Copy out the entries below exactly as they stand, but only from the line containing "Papa al horno, rellena" through the line containing "人类免疫缺陷病毒(HIV)一".

*Source data*
· · · · · · ·

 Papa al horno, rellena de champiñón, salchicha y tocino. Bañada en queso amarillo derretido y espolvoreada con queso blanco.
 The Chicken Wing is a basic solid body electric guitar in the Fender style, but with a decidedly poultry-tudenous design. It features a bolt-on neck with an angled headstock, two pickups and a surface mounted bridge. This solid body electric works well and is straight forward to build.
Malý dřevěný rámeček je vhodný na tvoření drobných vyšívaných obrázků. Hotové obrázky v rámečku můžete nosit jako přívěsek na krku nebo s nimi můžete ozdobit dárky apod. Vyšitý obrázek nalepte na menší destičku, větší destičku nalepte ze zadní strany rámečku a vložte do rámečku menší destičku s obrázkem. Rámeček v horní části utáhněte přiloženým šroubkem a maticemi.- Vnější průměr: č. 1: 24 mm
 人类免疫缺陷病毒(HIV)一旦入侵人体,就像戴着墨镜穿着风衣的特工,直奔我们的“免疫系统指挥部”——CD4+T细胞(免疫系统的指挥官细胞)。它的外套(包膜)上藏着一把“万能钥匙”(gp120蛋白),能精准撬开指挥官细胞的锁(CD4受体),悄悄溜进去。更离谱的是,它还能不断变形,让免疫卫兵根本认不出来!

· · · · · · ·

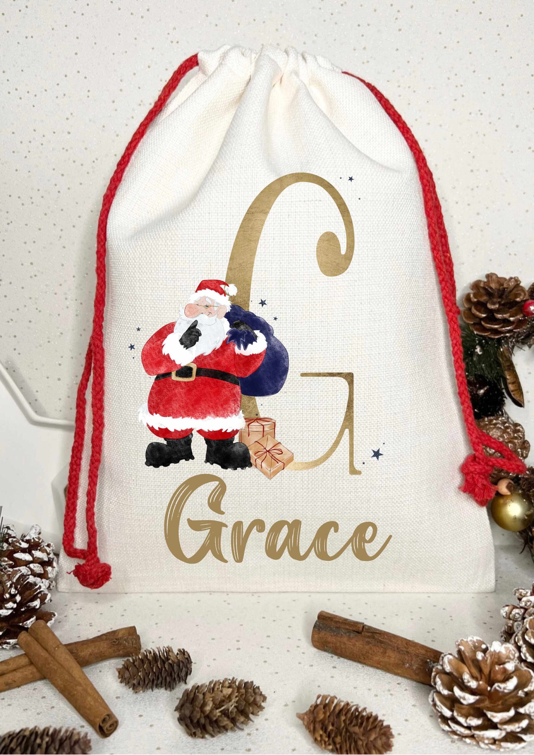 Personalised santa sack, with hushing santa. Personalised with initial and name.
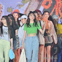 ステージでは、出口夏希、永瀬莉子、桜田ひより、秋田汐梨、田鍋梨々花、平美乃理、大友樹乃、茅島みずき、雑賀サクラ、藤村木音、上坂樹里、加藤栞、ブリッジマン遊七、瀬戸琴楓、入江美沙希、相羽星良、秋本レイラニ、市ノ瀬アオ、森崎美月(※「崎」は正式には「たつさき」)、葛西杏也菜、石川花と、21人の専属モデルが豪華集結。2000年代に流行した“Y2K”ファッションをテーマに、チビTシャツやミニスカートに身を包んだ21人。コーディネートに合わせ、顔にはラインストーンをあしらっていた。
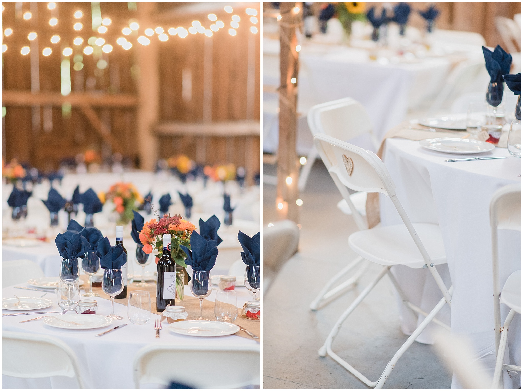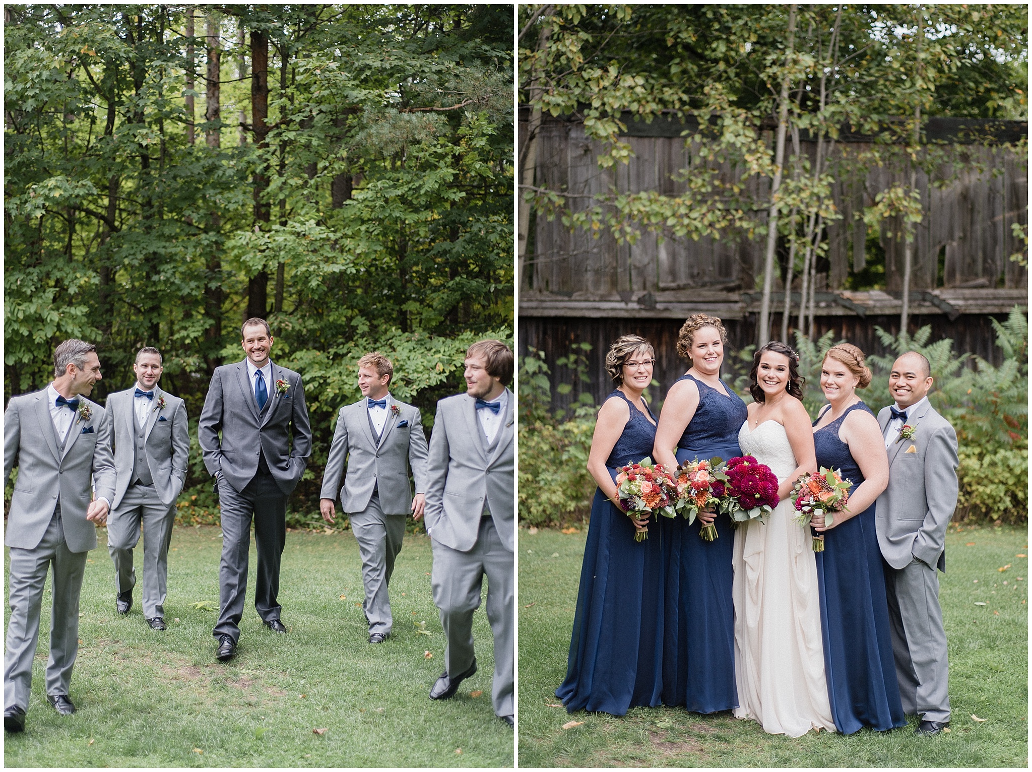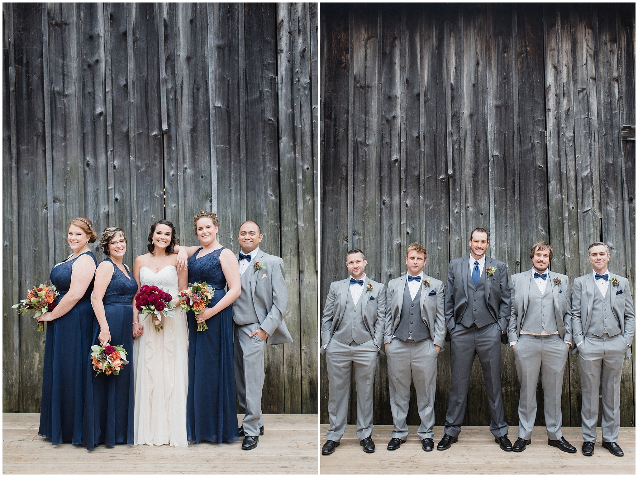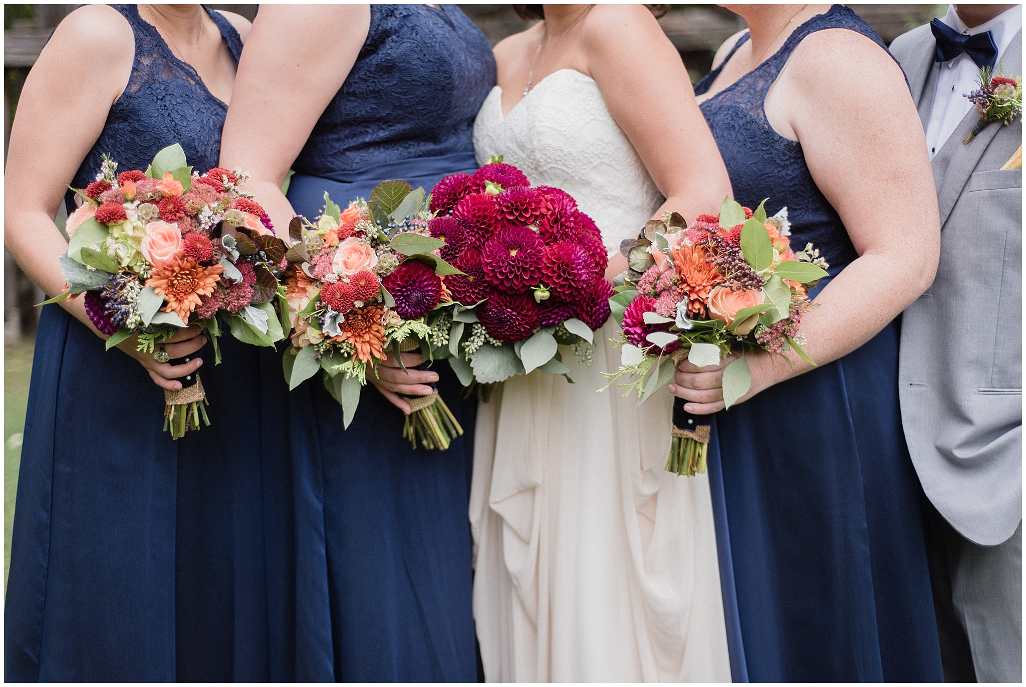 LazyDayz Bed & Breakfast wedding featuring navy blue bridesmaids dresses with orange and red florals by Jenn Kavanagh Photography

· · · · · · ·

*Solution below*
 Papa al horno, rellena de champiñón, salchicha y tocino. Bañada en queso amarillo derretido y espolvoreada con queso blanco.
 The Chicken Wing is a basic solid body electric guitar in the Fender style, but with a decidedly poultry-tudenous design. It features a bolt-on neck with an angled headstock, two pickups and a surface mounted bridge. This solid body electric works well and is straight forward to build.
Malý dřevěný rámeček je vhodný na tvoření drobných vyšívaných obrázků. Hotové obrázky v rámečku můžete nosit jako přívěsek na krku nebo s nimi můžete ozdobit dárky apod. Vyšitý obrázek nalepte na menší destičku, větší destičku nalepte ze zadní strany rámečku a vložte do rámečku menší destičku s obrázkem. Rámeček v horní části utáhněte přiloženým šroubkem a maticemi.- Vnější průměr: č. 1: 24 mm
 人类免疫缺陷病毒(HIV)一旦入侵人体,就像戴着墨镜穿着风衣的特工,直奔我们的“免疫系统指挥部”——CD4+T细胞(免疫系统的指挥官细胞)。它的外套(包膜)上藏着一把“万能钥匙”(gp120蛋白),能精准撬开指挥官细胞的锁(CD4受体),悄悄溜进去。更离谱的是,它还能不断变形,让免疫卫兵根本认不出来!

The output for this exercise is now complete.